WORK ORDER:
Word for word, copy the entire listing below, but do not carry over any pictures.

*** RECORDS FOR THE TASK ***

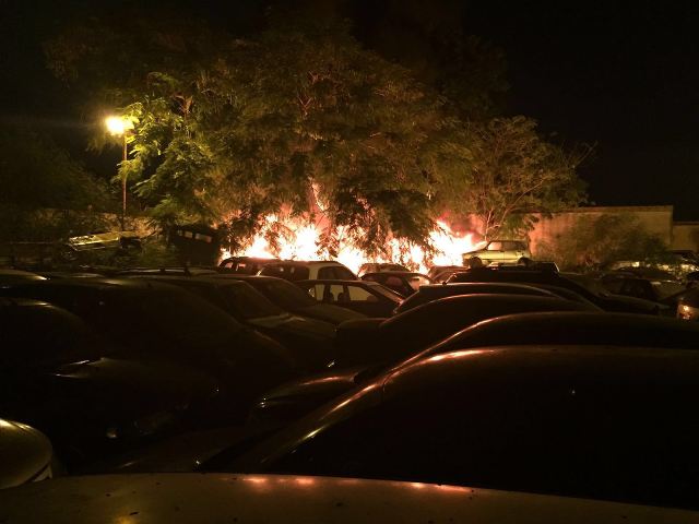 Um incêndio de grandes proporções no pátio da delegacia de Polícia Civil de Água Clara colocou em risco diversos moradores que vivem no entorno da unidade policial na noite desta sexta-feira (19).
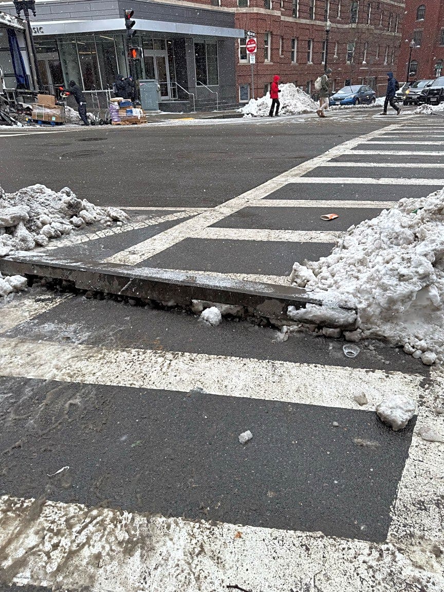 Intersection Of Bridge St And American Legion Hwy, Roslindale, MaSidewalk not shoveled
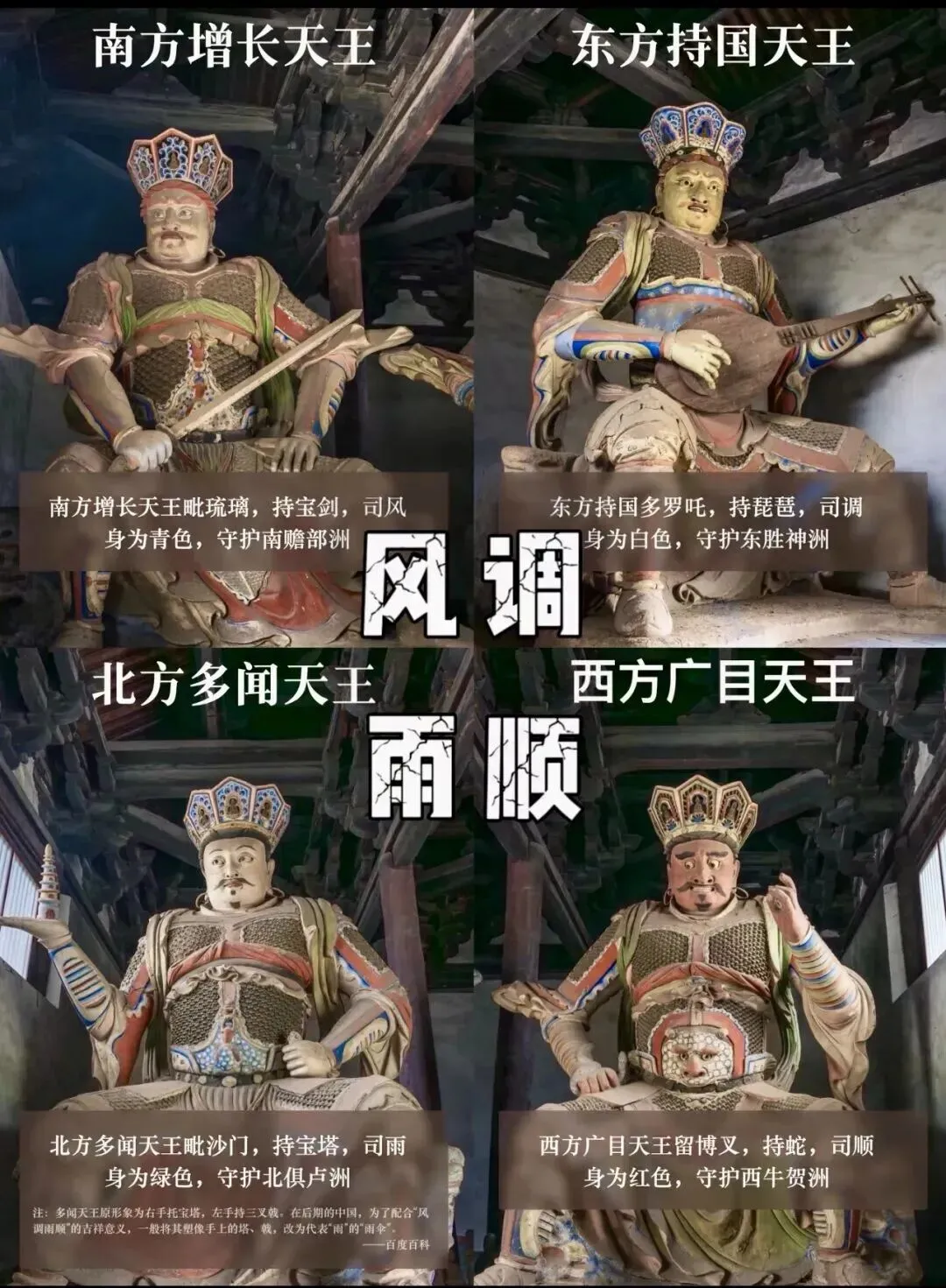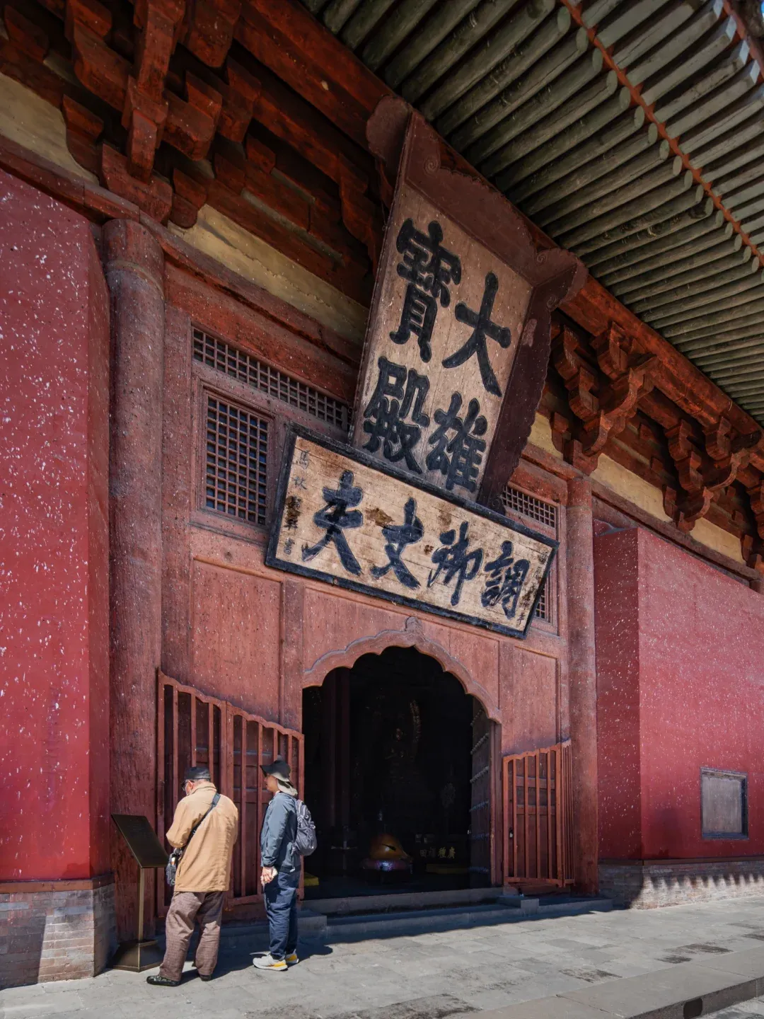 善化寺俗称南寺,大门是落成于金代初年的大型官式建筑,是现存最古老的金代建筑之一,更是我国屈指可数的殿堂式木构建筑,免门票,景区门口预约凭预约码进去即可,寺内主要参观为天王殿、三圣殿、大雄宝殿、普贤阁,◆大雄宝殿,辽金建筑,内有五方佛从东到西依次为东方阿閟佛、南方宝生佛、中央毗卢遮那佛、西方阿弥陀佛、北方不空成就佛。◆山门四大天王,在天王殿是明代塑像,天王的“表情包”太有意思了特别逗。
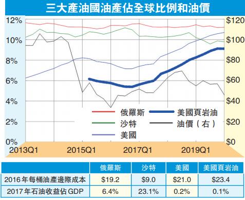 圖中所見,自2016年油價穿30美元起,沙特顯然願意減產,但美國則不斷增產,而俄羅斯變化不大──這非推測,而是三國由行動來告知世人的。從《華爾街日報》於2016年表列的產油成本所見,美、俄皆在每桶20美元上下,頁岩油也大概在這水平,反而沙特每桶不用10美元,由此路進,照計沙特最能打油價戰,目前油價仍賺逾倍。
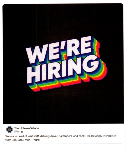 Uptown Saloon – Wait Staff, Delivery Driver, Bartenders, and Cook NEW
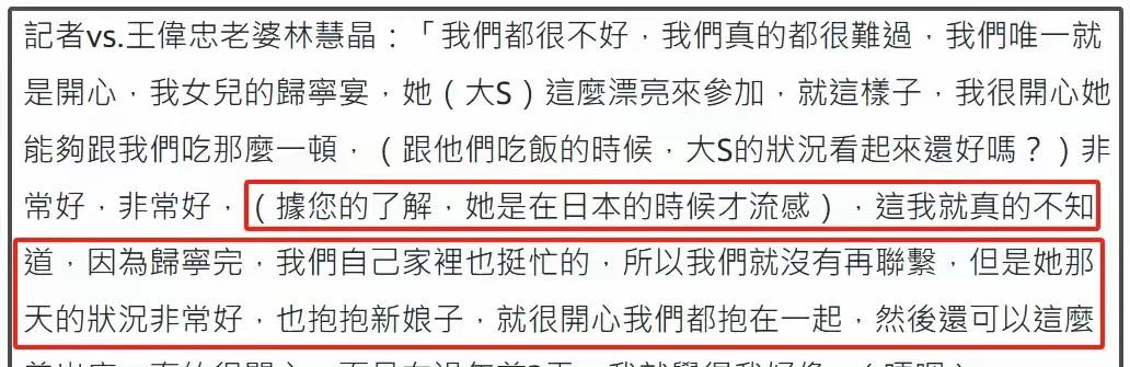 在林慧晶的言語裏,我們瞭解到當時大S的狀態非常好、她應該是在日本的時候才流感。但是林慧晶表示自己真的不知道,因爲貴經驗後我們也很忙、沒有再聯繫,但是那一天她狀態很好,很漂亮。

*** End of RECORDS FOR THE TASK ***

TASK SOLUTION:
 Um incêndio de grandes proporções no pátio da delegacia de Polícia Civil de Água Clara colocou em risco diversos moradores que vivem no entorno da unidade policial na noite desta sexta-feira (19).
 Intersection Of Bridge St And American Legion Hwy, Roslindale, MaSidewalk not shoveled
 善化寺俗称南寺,大门是落成于金代初年的大型官式建筑,是现存最古老的金代建筑之一,更是我国屈指可数的殿堂式木构建筑,免门票,景区门口预约凭预约码进去即可,寺内主要参观为天王殿、三圣殿、大雄宝殿、普贤阁,◆大雄宝殿,辽金建筑,内有五方佛从东到西依次为东方阿閟佛、南方宝生佛、中央毗卢遮那佛、西方阿弥陀佛、北方不空成就佛。◆山门四大天王,在天王殿是明代塑像,天王的“表情包”太有意思了特别逗。
 圖中所見,自2016年油價穿30美元起,沙特顯然願意減產,但美國則不斷增產,而俄羅斯變化不大──這非推測,而是三國由行動來告知世人的。從《華爾街日報》於2016年表列的產油成本所見,美、俄皆在每桶20美元上下,頁岩油也大概在這水平,反而沙特每桶不用10美元,由此路進,照計沙特最能打油價戰,目前油價仍賺逾倍。
 Uptown Saloon – Wait Staff, Delivery Driver, Bartenders, and Cook NEW
 在林慧晶的言語裏,我們瞭解到當時大S的狀態非常好、她應該是在日本的時候才流感。但是林慧晶表示自己真的不知道,因爲貴經驗後我們也很忙、沒有再聯繫,但是那一天她狀態很好,很漂亮。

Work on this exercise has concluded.